Computational hardness of detecting graph lifts and certifying lift-monotone properties of random regular graphs

TL;DR

This paper conjectures that detecting random lifts of Ramanujan graphs is computationally hard and explores the implications of this conjecture for certifying properties of random regular graphs, supported by lower bounds against certain algorithms.

Contribution

It introduces a new conjecture on the hardness of detecting graph lifts and analyzes its implications for certifying properties of random regular graphs, supported by theoretical evidence.

Findings

Proves lower bounds against the local statistics hierarchy for hypothesis testing.

Shows no polynomial-time algorithm can certify tight bounds on maximum cut, independent set, or chromatic number under the conjecture.

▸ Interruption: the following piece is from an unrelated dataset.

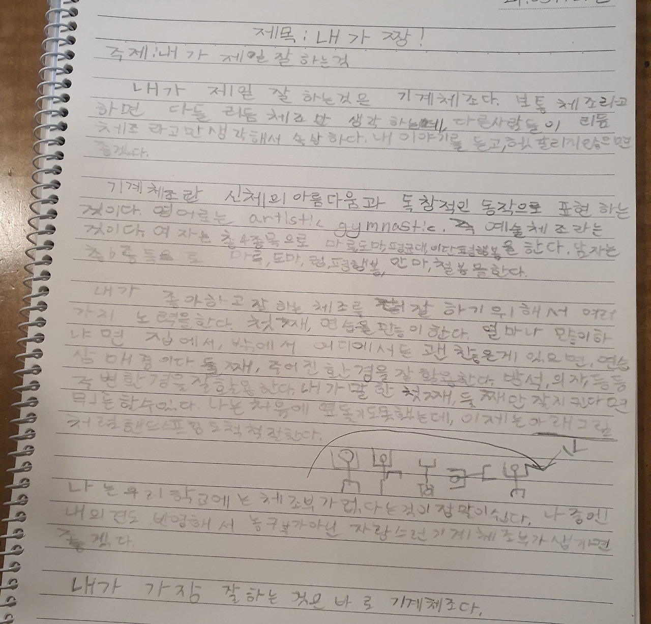 체조를 잘하는 것에 대해 쓰려고 했는데

Demonstrates spectral bounds are optimal among polynomial-time certificates for certain graph properties.

Abstract

We introduce a new conjecture on the computational hardness of detecting random lifts of graphs: we claim that there is no polynomial-time algorithm that can distinguish between a large random $d$-regular graph and a large random lift of a Ramanujan $d$-regular base graph (provided that the lift is corrupted by a small amount of extra noise), and likewise for bipartite random graphs and lifts of bipartite Ramanujan graphs. We give evidence for this conjecture by proving lower bounds against the local statistics hierarchy of hypothesis testing semidefinite programs. We then explore the consequences of this conjecture for the hardness of certifying bounds on numerous functions of random regular graphs, expanding on a direction initiated by Bandeira, Banks, Kunisky, Moore, and Wein (2021). Conditional on this conjecture, we show that no polynomial-time algorithm can certify tight bounds on the maximum cut of random 3- or 4-regular graphs, the maximum independent set of random 3- or 4-regular graphs, or the chromatic number of random 7-regular graphs. We show similar gaps asymptotically for large degree for the maximum independent set and for any degree for the minimum dominating set, finding that naive spectral and combinatorial bounds are optimal among all polynomial-time certificates. Likewise, for small-set vertex and edge expansion in the limit of very small sets, we show that the spectral bounds of Kahale (1995) are optimal among all polynomial-time certificates.